Novo Nordisk (NVO -0.71%) released fourth-quarter earnings on Wednesday. While sales weren't horrible -- increasing 8% year over year in local currencies -- the increase missed expectations and long-term guidance wasn't what investors had hoped for, sending shares lower.

Novo Nordisk results: The raw numbers


Q4 2015 Actuals

Q4 2014 Actuals

Growth (YOY)


K$28,876 million

K$24,585 million


Operating Profit

K$11,125 million

K$9,157 million


Earnings Per Share




Note: Numbers in table are in Danish kroner that Novo Nordisk reports in.

What happened with Novo Nordisk this quarter?

  • Revenue increased 8% in local currencies, which is what investors should be focused on. Unlike many other companies that report in U.S. dollars and are therefore hurt by the stronger dollar, Novo Nordisk is helped when U.S. sales in the stronger dollar are converted back to the Danish kroner.
  • Modern insulin Levemir was the top growth driver, increasing 22% year over year in local currencies in the fourth quarter.
  • Growth of Victoza, which had been the darling of Novo Nordisk's portfolio, has begun to slow. Sales grew 10% year over year in local currencies in the fourth quarter. By comparison, Victoza's full-year growth was 18% in local currencies.
  • Victoza, which binds to the GLP-1 receptor to increase insulin production, is in a crowded class, and it appears Novo Nordisk is losing U.S. market share to Eli Lilly's (LLY -1.05%) Trulicity, which was approved in 2014. Eli Lilly now has 11% of the market, cutting into Novo Nordisk's lead that now sits at 56%.
  • Novo Nordisk's newest insulin, Tresiba, has now launched in 39 countries, including the U.S. last month. As the company has found in other countries, getting reimbursement is key to how much of the basal insulin market Tresiba can take. Novo Nordisk stopped selling the drug in Germany last month because it couldn't get an acceptable price for the drug.

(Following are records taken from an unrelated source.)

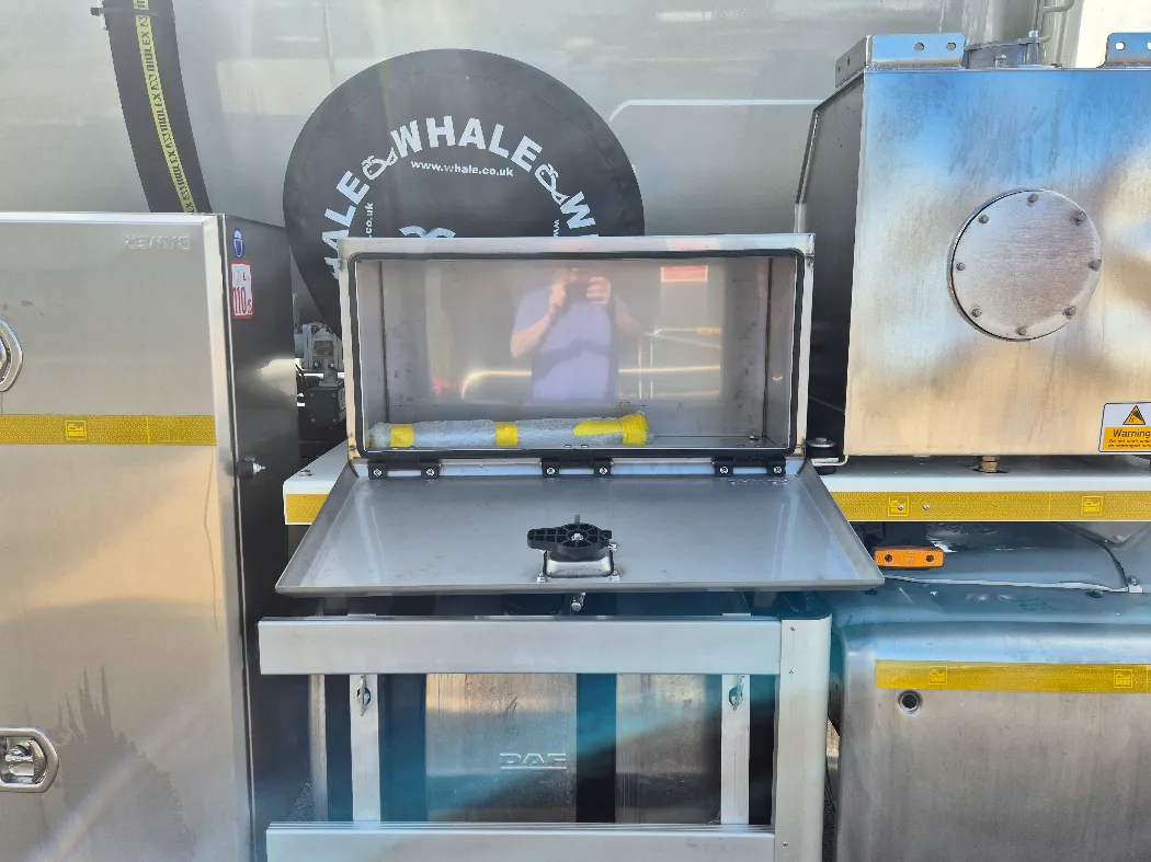DAF CF 370 – 6x2 – Day cab – Rear lift and steer back axle – Manual gearbox – Kilowhale tanker body – High pressure jetting – 1000CFM Kaiser vacuum system – Front tipping body – Hydraulic opening back door – Hydraulic back bumper bar – Remote control hydraulic boom – 2600 Gallons total with 1000gallon clean jetting water – Toolbox storage – In stock READY NOW.
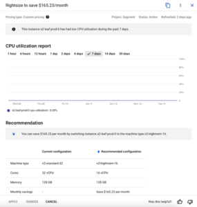 Figure 2: GCP Recommendations for VM usage
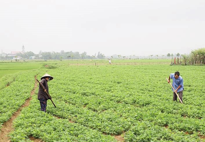 Nông dân xã Đồng Tiến làm cỏ cho lạc xuân
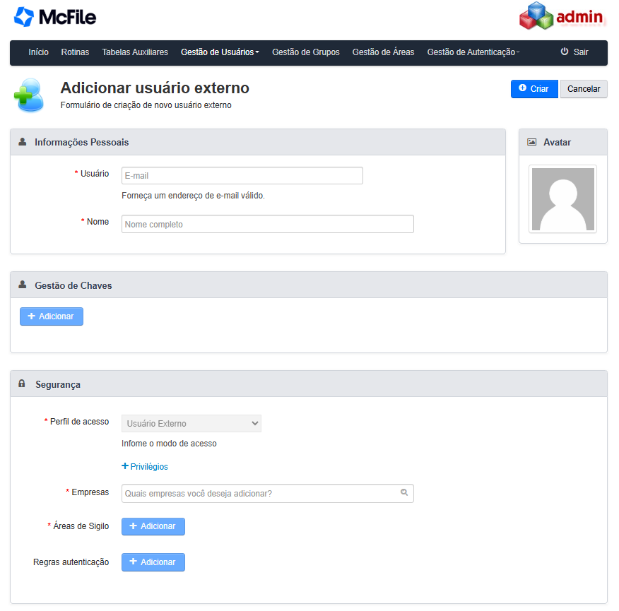 A gestão dos usuários é exclusiva para usuários com permissões de Administrador.
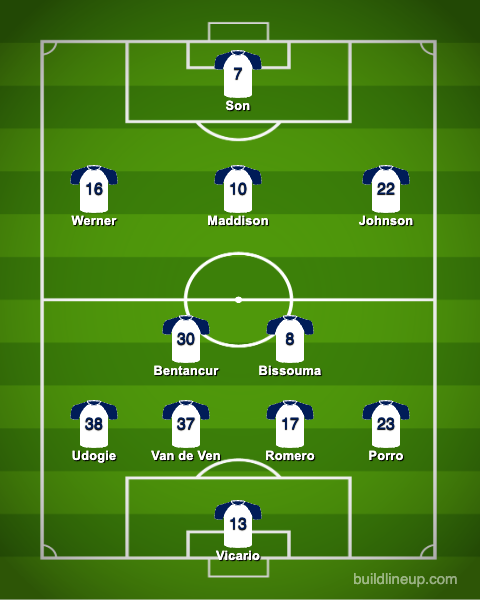 There was only one change from the lineup that beat Nottingham Forest, with Rodrigo Bentancur starting over Pape Sarr. Somehow, Yves Bissouma continues to start despite all evidence to suggest he needs a stint on the bench.
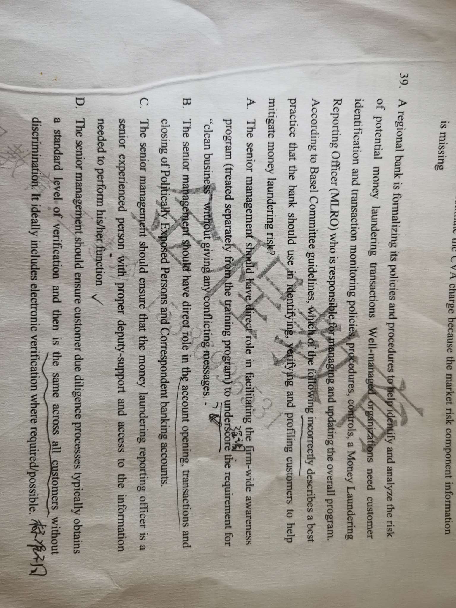 B选项说高管层要对那些政治高危人群的账户开户、交易、关闭等等流程负责,这里的说法没有问题,当然我觉得表述上其实可以更准确,不是have a direct role, 而应该是responsible for更准确。
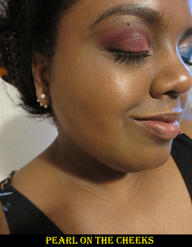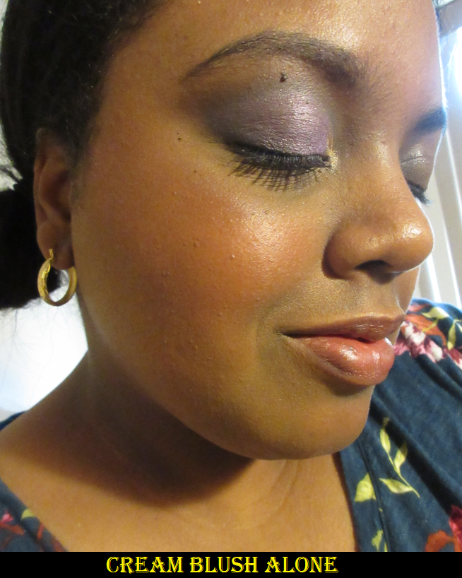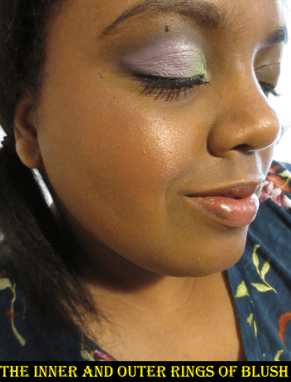 The outer “berry” ring is quite light on me, which I don’t mind, but mixing it with the inner “champagne” ring on my cheek lightens it up even more to the point of being a whisper of color with a whole lot of shine.
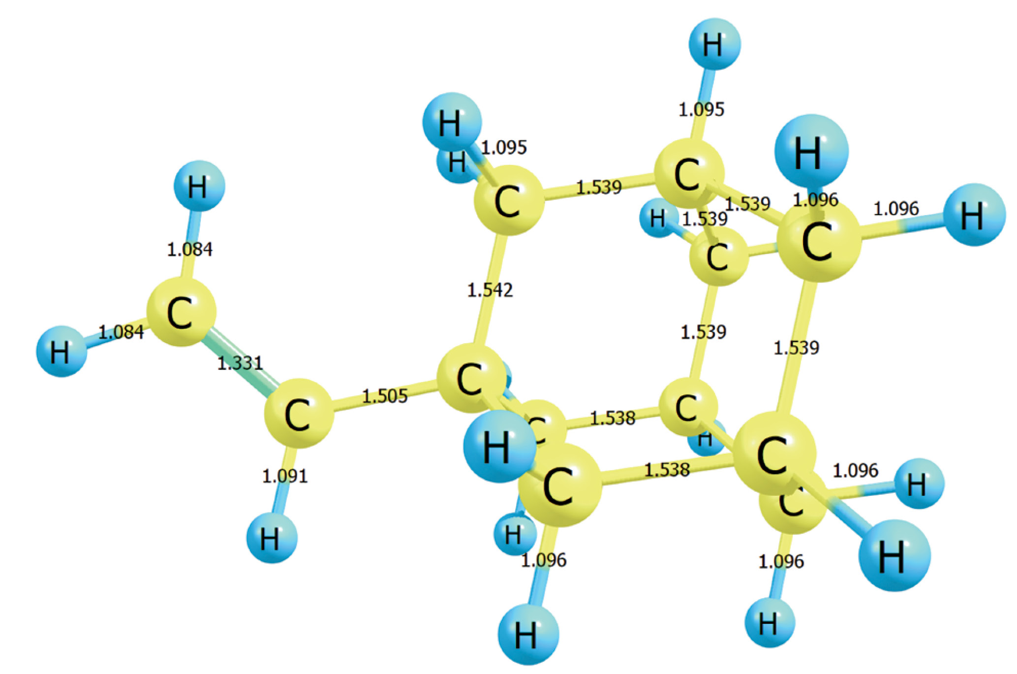 Рис. 1. Геометрическая структура 1-виниладамантана. Расстояния указаны в ангстремах (Å).

What management had to say
Novo Nordisk isn't going to give up on Victoza, especially since it has a once-weekly follow-on GLP-1 drug called semaglutide. "We would like to continue to push Victoza in the U.S. to create the strongest possible platform for when we launch semaglutide," said Novo Nordisk's CEO Lars Rebien Sorensen.

"Levemir growth rates in Europe as well as Japan and Korea was affected by the launch of Tresiba in these markets," Sorensen said. With Tresiba launching in the U.S., investors should keep an eye on how the growth impacts Levemir. Capturing patients away from Sanofi's Toujeo or Lantus is better than having them switch from one Novo Nordisk drug to another. On the plus side, at least Novo Nordisk won't have to compete with Eli Lilly's basal insulin peglispro; the company terminated development of the drug in December.

Looking forward
Novo Nordisk will see a variety of data readouts this year, including more data on semaglutide to support its potential approval and data from a clinical trial in type 1 diabetes patients that will hopefully show Tresiba is safer than its rivals.

An FDA decision on Xultophy, which is a combination of Tresiba and Victoza, is expected in the third quarter. Since there hasn't been an insulin/GLP-1 drug combination approved in the U.S., Novo Nordisk expects the FDA to convene an advisory committee to discuss the product.

In conjunction with the earnings release, management laid out long-term guidance that implies a substantial slowdown compared to previous growth. From 2012 to 2015, Novo Nordisk managed a 15% growth in operating profit in local currencies, but the new guidance has dialed that back to 10%. Most of the growth in profits will come from sales growth because management doesn't want to cut back on R&D to increase near-term profits.

Even with the expected slowdown in growth, management made it clear that there's still plenty of cash to reinvest and hand back to investors. The board recommended a 28% increase in the dividend, which will be voted on at the company's annual meeting in March.